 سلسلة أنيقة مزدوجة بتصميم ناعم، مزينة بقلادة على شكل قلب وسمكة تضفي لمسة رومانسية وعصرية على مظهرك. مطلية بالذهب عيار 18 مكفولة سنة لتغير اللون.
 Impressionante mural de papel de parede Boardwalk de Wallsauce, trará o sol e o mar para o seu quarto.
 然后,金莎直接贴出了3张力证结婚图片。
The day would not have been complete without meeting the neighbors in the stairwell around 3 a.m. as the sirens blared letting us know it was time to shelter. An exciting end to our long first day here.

---

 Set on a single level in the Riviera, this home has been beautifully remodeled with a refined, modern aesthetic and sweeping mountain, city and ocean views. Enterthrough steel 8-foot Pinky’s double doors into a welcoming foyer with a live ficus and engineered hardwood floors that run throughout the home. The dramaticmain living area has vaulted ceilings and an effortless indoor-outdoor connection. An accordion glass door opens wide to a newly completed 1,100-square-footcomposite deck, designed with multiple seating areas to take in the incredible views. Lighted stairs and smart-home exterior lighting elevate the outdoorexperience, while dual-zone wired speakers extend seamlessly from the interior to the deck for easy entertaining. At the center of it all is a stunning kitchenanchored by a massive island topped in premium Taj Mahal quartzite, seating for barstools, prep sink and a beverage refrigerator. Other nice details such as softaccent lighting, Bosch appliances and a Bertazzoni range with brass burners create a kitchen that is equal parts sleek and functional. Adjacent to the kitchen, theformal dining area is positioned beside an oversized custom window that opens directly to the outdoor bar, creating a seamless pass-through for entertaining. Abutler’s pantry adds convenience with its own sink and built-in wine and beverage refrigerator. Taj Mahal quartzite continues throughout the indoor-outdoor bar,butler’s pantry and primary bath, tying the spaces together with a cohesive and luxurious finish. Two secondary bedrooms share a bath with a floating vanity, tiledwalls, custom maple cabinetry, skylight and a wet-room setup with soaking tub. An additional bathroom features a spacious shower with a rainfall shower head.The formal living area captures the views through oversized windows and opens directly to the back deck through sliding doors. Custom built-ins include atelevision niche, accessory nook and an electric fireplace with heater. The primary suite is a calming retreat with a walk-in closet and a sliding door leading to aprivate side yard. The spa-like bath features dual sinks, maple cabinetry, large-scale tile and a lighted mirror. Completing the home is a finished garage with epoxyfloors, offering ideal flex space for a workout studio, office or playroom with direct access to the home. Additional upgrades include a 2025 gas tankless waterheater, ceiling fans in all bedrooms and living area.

_Assignment_
Using the listing above, copy exactly the line that contains "سلسلة أنيقة مزدوجة", the line that contains "The day would", and each line that falls between them.

_Response to this task_
 سلسلة أنيقة مزدوجة بتصميم ناعم، مزينة بقلادة على شكل قلب وسمكة تضفي لمسة رومانسية وعصرية على مظهرك. مطلية بالذهب عيار 18 مكفولة سنة لتغير اللون.
 Impressionante mural de papel de parede Boardwalk de Wallsauce, trará o sol e o mar para o seu quarto.
 然后,金莎直接贴出了3张力证结婚图片。
The day would not have been complete without meeting the neighbors in the stairwell around 3 a.m. as the sirens blared letting us know it was time to shelter. An exciting end to our long first day here.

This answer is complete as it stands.